George Osborne's determination to open a new front against the public services and working-class living standards by dragging down public-sector pay in poorer parts of the country makes a mockery of his pledge to prioritise help to those on low and middle incomes.
The injustice of his decision is compounded by the dishonesty of his claim that slightly higher pay rates in the public sector are starving the private sector of suitable staff.
Where the private sector experiences recruitment difficulties, this is related to skills deficiencies rather than workers opting for marginally better-paid public-sector jobs.
Forcing through constant cuts in purchasing power for poorer regions and nations will actually damage the private sector as workers have less money to spend.
This will be the case especially in the devolved administrations of Wales, Scotland and Northern Ireland where the Tories have no governing role but have the power at Westminster to wreck the living standards of people living there.
As teachers' union NASUWT leader Chris Keates points out, national pay scales are not peculiar to the public sector.

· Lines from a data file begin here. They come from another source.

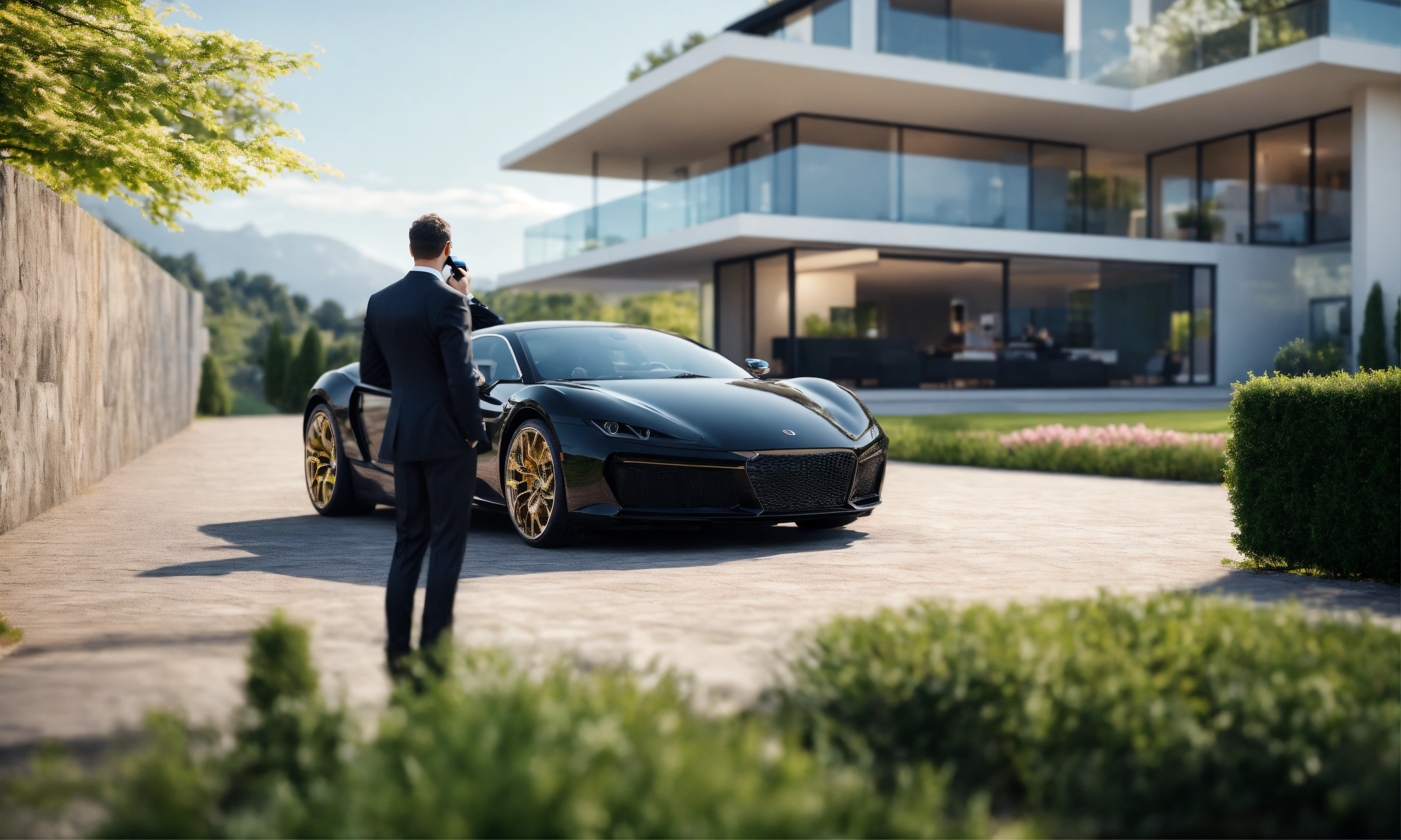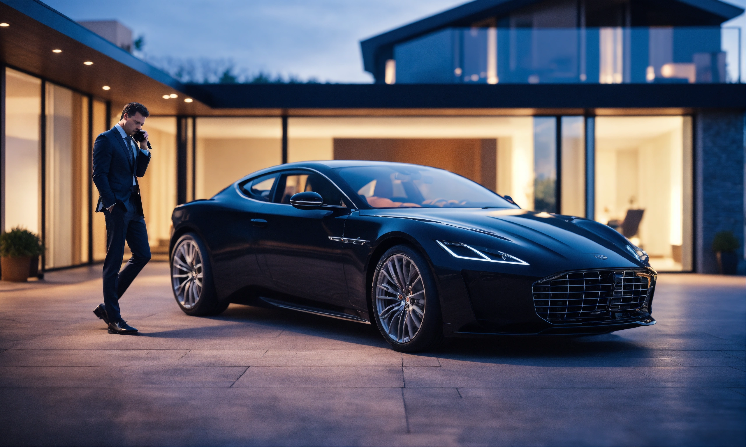 Businessman made a call phone, the other hand in the pants, behind defocus very modern luxus villa, on the side is the black sportcar, 8k realistic, high quality, high resolution
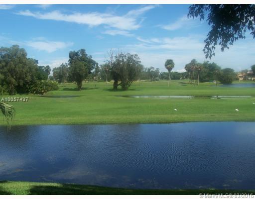 Stunning town home with unending views of the Country Club of Miami Golf Course and Lakes. Living Room boasts extremely large windows overlooking the course with 18 ft. floor to ceiling windows. Elevated Formal Dining Room with galley kitchen. Both bedrooms are very spacious. Master Bedroom has panoramic views of golf course. Home has tons of natural light. This home has an abundance of potential.
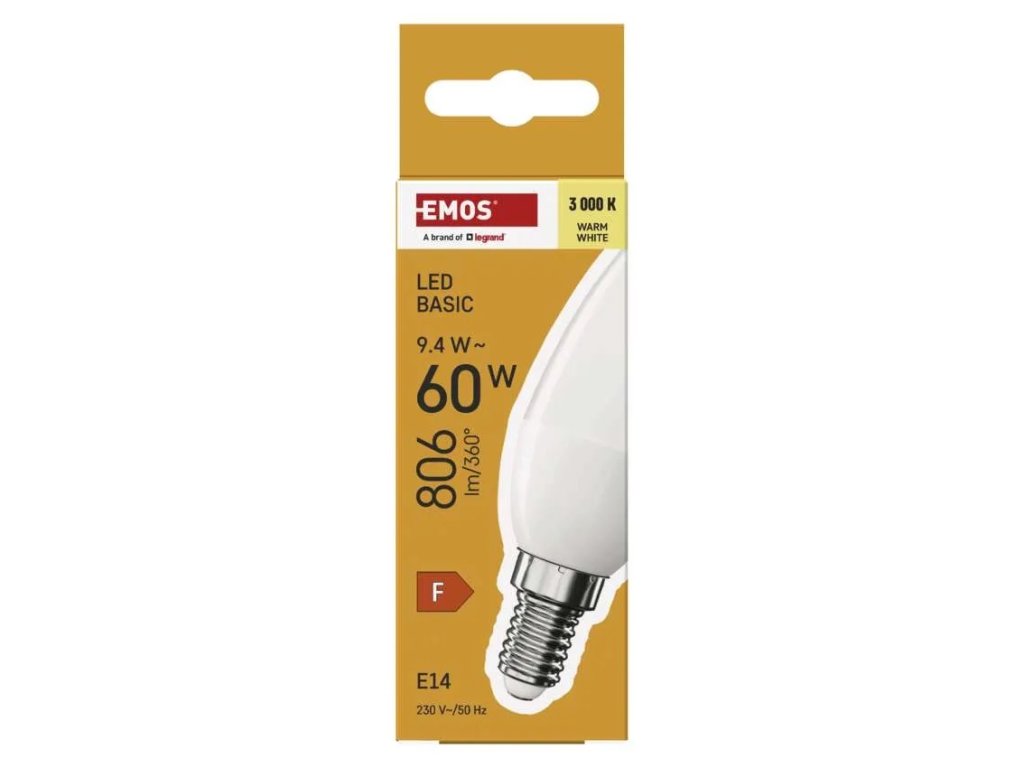 farba svetla: teplá biela|energetická trieda: F|index podania farieb (CRI): 80|kompatibilita: –|náhrada za žiarovku: 66 W|napätie: 230 V~/50 Hz|notifikácia do mobilnej aplikácie: –|ovládanie hlasovými asistentmi: –|pätica (uchytenie žiarovky):| cyklov: 15 000|podporované OS: –|prenosová frekvencia: –|príkon: 8,3 W|predajný obal: 1 ks, krabička|protokol: –|rad: BASIC|rozmer: 110 × 38 × 38 mm|stmievateľná: ne|svetelná: ne|svetelná 900 lm|technológia: LED|teplota chromatickosti: 3 000 K|tvar: sviečka|typ čipov: SMD|účinník: 0,55|uhol vyžarovania: 220°|záručná doba: 2 roky|životnosť: 20 000 hodínDodatočné parametre
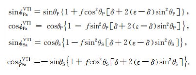 同理根据Thomsen弱各向异性假设,经过运算和整理,最终得到qP波弱各向异性近似偏振方向(sinφPa,cosφPa):
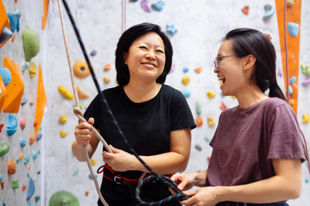 Smiling Asian women in sportswear posing near the bouldering training wall. Mother and daughter on the climbing wall. A cute Korean girl and her parent are working out at the gym.
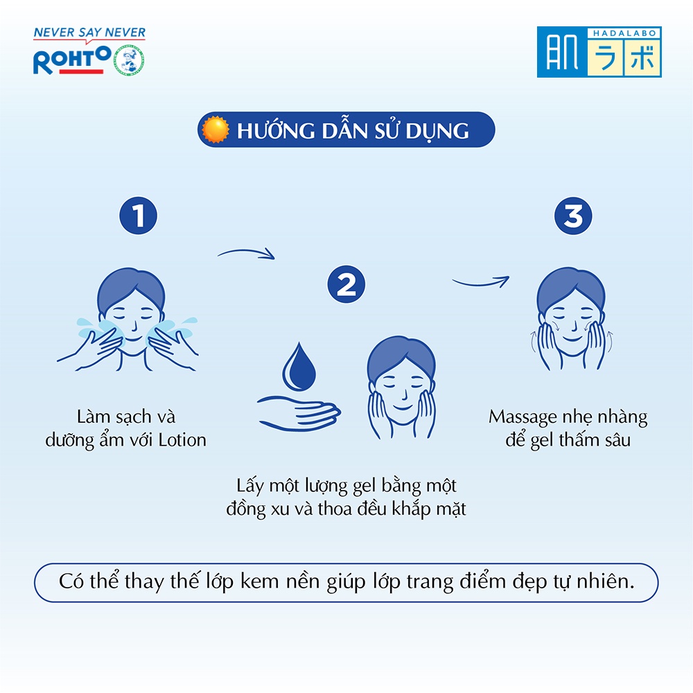 "HADA LABO KOI-GOKUJYUN PERFECT UV GEL (SUNSCREEN) Gel chống nắng dưỡng da ẩm mịn Hada Labo Koi-Gokujyun Perfect Uv Gel (Sunscreen) SPF50+ PA++++ 50g NHẬP KHẨU TỪ NHẬT BẢN Hada Labo là một trong những dòng mỹ phẩm dưỡng ẩm nổi trội tại Nhật trong suốt những năm qua kể từ khi ra mắt, các sản phẩm của thương hiệu Hada Labo đều chứa “Hyaluronic Acid” (HA) một thành phần chủ đạo đóng vai trò quan trọng trong việc dưỡng ẩm, chăm sóc da. Trung bình cứ 4 giây lại có một sản phẩm của Hada Labo được bán ra tại Nhật. Bí quyết của Hada Labo chính là công thức cực kỳ lành tính, không chứa cồn, không dầu, không chất tạo màu, không hương liệu để phù hợp với làn da nhạy cảm. 1. Đặc điểm sản phẩm: - Bảo vệ da tối đa trước tác hại của ánh nắng và dưỡng ẩm hằng ngày cho da. Phù hợp làm kem nền giúp lớp trang điểm đẹp tự nhiên. 2. Thành phần chính: - SPF 50+ PA++++ giúp chống tia UVA/ UVB hiệu quả. - Hệ dưỡng ẩm HA đột phá từ Nhật Bản giúp da ẩm mượt, căng mịn. - Dạng gel mỏng thấm nhanh, thoáng nhẹ trên da. - Phù hợp với mọi loại da. 3. Hướng dẫn sử dụng: Dùng hàng ngày để bảo vệ da tốt nhất. - Bước 1: Làm sạch và dưỡng ẩm da. - Bước 2: Lấy một lượng gel bằng một đồng xu và thoa đều khắp mặt. - Bước 3: Mát xa nhẹ nhàng để gel thấm sâu. Sau khi ra mồ hôi nhiều, thoa lại để có hiệu quả tốt hơn. 4. Lưu ý: - Ngưng sử dụng và tham khảo ý kiến bác sĩ nếu có dấu hiệu dị ứng như: nổi mẩn đỏ, sưng, ngứa. Tránh tiếp xúc trực tiếp với mắt, nếu sản phẩm dính vào mắt, rửa lại ngay bằng nước sạch. Không ở ngoài nắng quá lâu ngay cả khi đang sử dụng sản phẩm chống nắng. 5. Thông tin thương hiệu: - Thương hiệu Hada Labo thuộc Công ty Rohto-Mentholatum (Việt Nam). - Xuất xử thương hiệu: Nhật Bản. - Nơi sản xuất: Nhật Bản. - Ngày sản xuất: Xem chi tiết trên bao bì sản phẩm. - Hạn sử dụng: 4 năm kể từ ngày sản xuất. *Sản phẩm có thể thay đổi bao bì tuỳ theo đợt nhập hàng

They are operated by major retailers such as Tesco, Marks & Spencer and John Lewis on grounds of cost-effectiveness and service consistency, which apply equally to the public sector.
Introducing regional rates of pay will encourage migration to higher-paid areas of the country, principally the south-east of England, which are already among the most heavily populated, causing great pressure on housing and services.
But Osborne and Nick Clegg are unconcerned about the social implications of their vandalism of our public services.
They are intent on cutting public-sector pay and pensions to facilitate private-sector penetration of services and to create a war chest to finance abolition of the 50p tax band, which is payable by just 1 per cent of the population.
Those campaigning to abolish the 50p rate pursue two contradictory lines of argument.
On the one hand, the businessmen who wrote to the Times recently described the tax band as punitive and harmful to investment.
On the other, Lord Sugar suggests that it won't raise as much cash as expected because "most people" dodge it by adjusting salaries and finding other ways to get money out of companies.
Rich people's generalised hostility to the 50p tax band, on whatever pretence, is probably the best argument for retaining it.
That is indeed the attitude of the majority of people, according to the latest ComRes opinion survey, which shows 58 per cent against its abolition and just 21 per cent in favour.
The fact that opposition to doing away with the 50p rate is highest, at 70 per cent, among Liberal Democrat voters provides further confirmation of the unprincipled nature of Clegg and most of his MPs.
Following hard on the heels of the Lib Dem spring conference rejection of the conservative coalition's Health and Social Care Bill, it illustrates how cheaply and how completely Clegg & Co have sold themselves.
They have offered Liberal Democrat MPs as parliamentary voting fodder to the Tories to drive through an agenda so right-wing that neither party would have signalled these policies in their election manifesto.
The damage that will be done over the next three years to our public services and workers' living standards will be huge unless the labour movement unites to derail these anti-people policies.